» TASK:
Leave out the pictures and output exactly the lines below from the one with "iPad için özel" down to the one with "1月20日,大数据ETF华夏", both of them included.

» MATERIAL TO PROCESS:

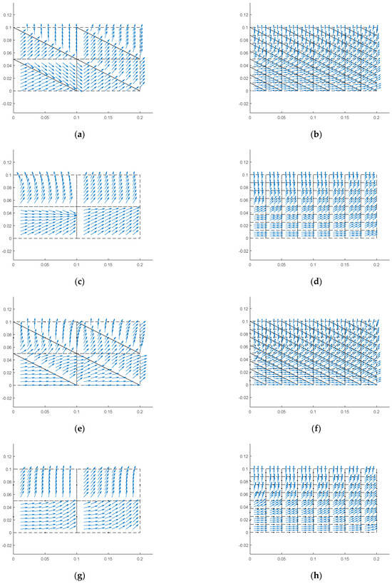 Orientation of the maximum principal stress within various element models. (a) tri3 element with ndiv = 2, (b) tri3 element with ndiv = 8, (c) quad4 element with ndiv = 2, (d) quad4 element with ndiv = 8, (e) tri6 element with ndiv = 2, (f) tri6 element with ndiv = 8, (g) quad8 element with ndiv = 2, (h) quad8 element with ndiv = 8.
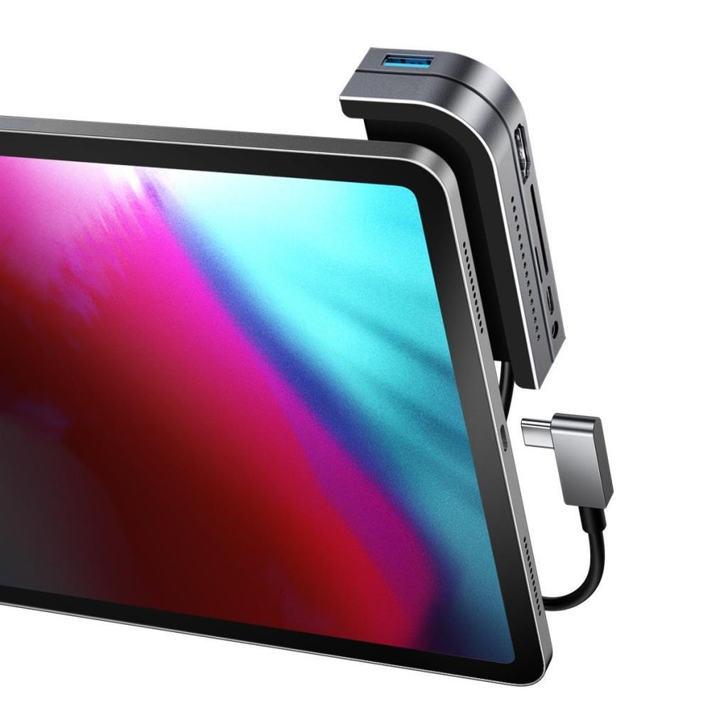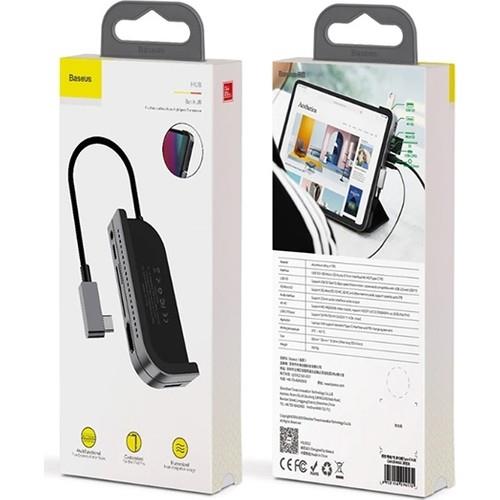 iPad için özel olarak tasarlanan, Type-C bağlantı noktasına sahip bilgisayarlar ve mobil cihazlarda da kullanılabilen Baseus Bend Angle Çok Fonksiyonlu Type-C Hub, bir Type-C bağlantı notkasını 1xUSB 3.0, 4K görüntü çıkışını destekleyen 1xHDMI, 1xSD kart okuyucu, 1xSD kart okuyucu, 1x 3.5 mm Stereo ve 60W güç dağıtımını destekleyen Type-C PD çıkışlarına dönüştürür.
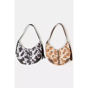 This stylish Western-inspired shoulder bag features an eye-catching cowhide print pattern in classic brown and white coloring. Crafted from durable faux leather material, it showcases a spacious hobo-style silhouette perfect for daily use. The bag is enhanced with decorative metal studs along the edges and features an adjustable shoulder strap for comfortable carrying. Additional tassel details add a fashion bohemian touch, while the single-compartment design offers ample storage space for essentials. The authentic cowhide pattern gives it a distinctive Western ranch aesthetic, making it perfect for casual outings and adding a unique statement piece to any outfit.
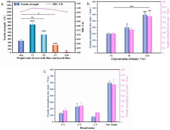 Mechanical properties of wet wipes. (a) The breaking strength and longitudinal and transverse strength ratio of the fiber web with different fiber ratios. (b) The effect of different adhesive concentrations on the mechanical properties of wet wipes. (c) The strength comparison of commercially available flushable wet wipes with our samples. Stars represent a significant difference (p < 0.05), specifically, *, **, ***, and **** mean 0.01 < p < 0.05, p < 0.01, p < 0.001, and p < 0.0001, respectively.
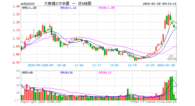 1月20日,大数据ETF华夏(516000)开盘涨0.26%,报1.169元。大数据ETF华夏(516000)重仓股方面,中科曙光开盘跌0.04%,科大讯飞涨0.74%,浪潮信息跌0.05%,紫光股份跌0.11%,恒生电子涨1.00%,拓维信息涨0.24%,润泽科技涨1.04%,中国长城涨2.28%,用友网络涨1.28%,深信服涨1.66%。
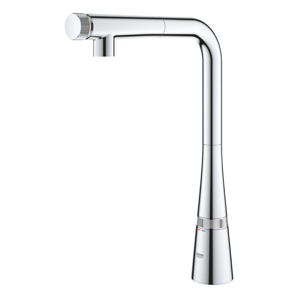Batérie Zedra SmartControl umožňuje reguláciu prúdu vody a jej teploty jednou rukou. Vysoká výpust uľahčí plnenie veľkých hrncov a vyťahovacie spŕška zvyšuje dosah použitia batérie. Vďaka výkonným magnetom sa tiež sprchová hlavica po použití automaticky a plynule zasunie späť do svojej pôvodnej polohy. Táto drezová batérie tiež disponuje otočným ventilom pre reguláciu objemu vody.
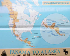 The Global Rally Organization has begun its 2008 classic car ride and this year, they are driving their classic cars over the Inter-America Highway from Panama to Alaska. The participants are driving Jaguars, Mercedes Benz, Aston Martins, Austin Healeys, MGs and others. None of the participants are "younger" that 1970. They have already passed through Izamal and are currently headed west. At some point, they will turn north and pass through the central part of Mexico on their way to the U.S. This ride is not a race, just a way to put others in touch with many historical and interesting places that fans might not have known about, and to spread a little friendship among classic car lovers everywhere. Here's a map of their route all the way to Alaska.

» SOLVED EXERCISE:
 iPad için özel olarak tasarlanan, Type-C bağlantı noktasına sahip bilgisayarlar ve mobil cihazlarda da kullanılabilen Baseus Bend Angle Çok Fonksiyonlu Type-C Hub, bir Type-C bağlantı notkasını 1xUSB 3.0, 4K görüntü çıkışını destekleyen 1xHDMI, 1xSD kart okuyucu, 1xSD kart okuyucu, 1x 3.5 mm Stereo ve 60W güç dağıtımını destekleyen Type-C PD çıkışlarına dönüştürür.
 This stylish Western-inspired shoulder bag features an eye-catching cowhide print pattern in classic brown and white coloring. Crafted from durable faux leather material, it showcases a spacious hobo-style silhouette perfect for daily use. The bag is enhanced with decorative metal studs along the edges and features an adjustable shoulder strap for comfortable carrying. Additional tassel details add a fashion bohemian touch, while the single-compartment design offers ample storage space for essentials. The authentic cowhide pattern gives it a distinctive Western ranch aesthetic, making it perfect for casual outings and adding a unique statement piece to any outfit.
 Mechanical properties of wet wipes. (a) The breaking strength and longitudinal and transverse strength ratio of the fiber web with different fiber ratios. (b) The effect of different adhesive concentrations on the mechanical properties of wet wipes. (c) The strength comparison of commercially available flushable wet wipes with our samples. Stars represent a significant difference (p < 0.05), specifically, *, **, ***, and **** mean 0.01 < p < 0.05, p < 0.01, p < 0.001, and p < 0.0001, respectively.
 1月20日,大数据ETF华夏(516000)开盘涨0.26%,报1.169元。大数据ETF华夏(516000)重仓股方面,中科曙光开盘跌0.04%,科大讯飞涨0.74%,浪潮信息跌0.05%,紫光股份跌0.11%,恒生电子涨1.00%,拓维信息涨0.24%,润泽科技涨1.04%,中国长城涨2.28%,用友网络涨1.28%,深信服涨1.66%。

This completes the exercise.